SimGRACE: A Simple Framework for Graph Contrastive Learning without Data Augmentation

Graph contrastive learning (GCL) has emerged as a dominant technique for graph representation learning which maximizes the mutual information between paired graph augmentations that share the same semantics. Unfortunately, it is difficult to preserve semantics well during augmentations in view of the diverse nature of graph data. Currently, data augmentations in GCL that are designed to preserve semantics broadly fall into three unsatisfactory ways. First, the augmentations can be manually picked per dataset by trial-and-errors. Second, the augmentations can be selected via cumbersome search.
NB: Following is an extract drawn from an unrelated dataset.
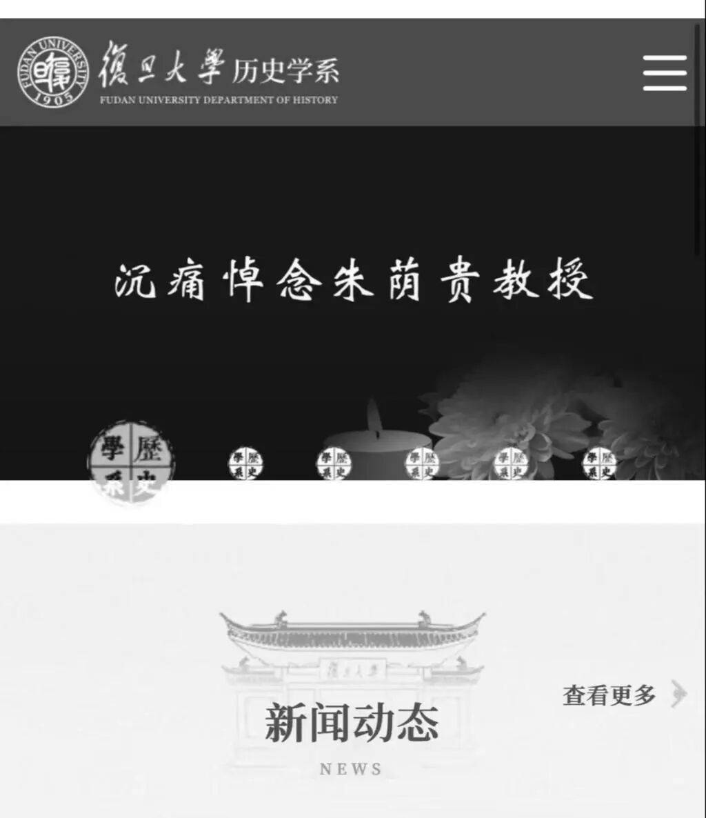 9月24日,记者发现,复旦大学历史学系官网已变为黑白色,悼念朱荫贵教授。

Third, the augmentations can be obtained by introducing expensive domain-specific knowledge as guidance. All of these limit the efficiency and more general applicability of existing GCL methods. To circumvent these crucial issues, we propose a \underline{Sim}ple framework for \underline{GRA}ph \underline{C}ontrastive l\underline{E}arning, \textbf{SimGRACE} for brevity, which does not require data augmentations. Specifically, we take original graph as input and GNN model with its perturbed version as two encoders to obtain two correlated views for contrast. SimGRACE is inspired by the observation that graph data can preserve their semantics well during encoder perturbations while not requiring manual trial-and-errors, cumbersome search or expensive domain knowledge for augmentations selection. Also, we explain why SimGRACE can succeed. Furthermore, we devise adversarial training scheme, dubbed \textbf{AT-SimGRACE}, to enhance the robustness of graph contrastive learning and theoretically explain the reasons. Albeit simple, we show that SimGRACE can yield competitive or better performance compared with state-of-the-art methods in terms of generalizability, transferability and robustness, while enjoying unprecedented degree of flexibility and efficiency.

翻译：图对比学习（Graph Contrastive Learning, GCL）已成为图表示学习的主流技术，其核心在于最大化共享相同语义的配对图增强之间的互信息。然而，由于图数据具有多样化的特性，在增强过程中难以妥善保持语义信息。当前，旨在保持语义的GCL数据增强方法大致存在三种不足：其一，增强方法需针对不同数据集通过试错手动选择；其二，增强方法需通过繁琐搜索进行选取；其三，增强方法需引入昂贵的领域特定知识作为指导。这些限制均降低了现有GCL方法的效率及普适性。为规避这些关键问题，本文提出一个无需数据增强的简易图对比学习框架（简称\textbf{SimGRACE}）。具体而言，我们以原始图作为输入，将图神经网络（GNN）模型及其扰动版本分别作为两个编码器，以获取用于对比的两组关联视图。SimGRACE的设计灵感源于以下观察：图数据在编码器扰动过程中能良好保持语义，且无需人工试错、繁琐搜索或昂贵的领域知识来选取增强方法。此外，我们从理论层面阐释了SimGRACE的成功机理。为增强图对比学习的鲁棒性，我们进一步设计了对抗训练方案（简称\textbf{AT-SimGRACE}），并给出了理论解释。尽管方法简洁，但实验表明，SimGRACE在泛化性、迁移性和鲁棒性方面可达到与现有最优方法相当甚至更优的性能，同时享有前所未有的灵活性与效率。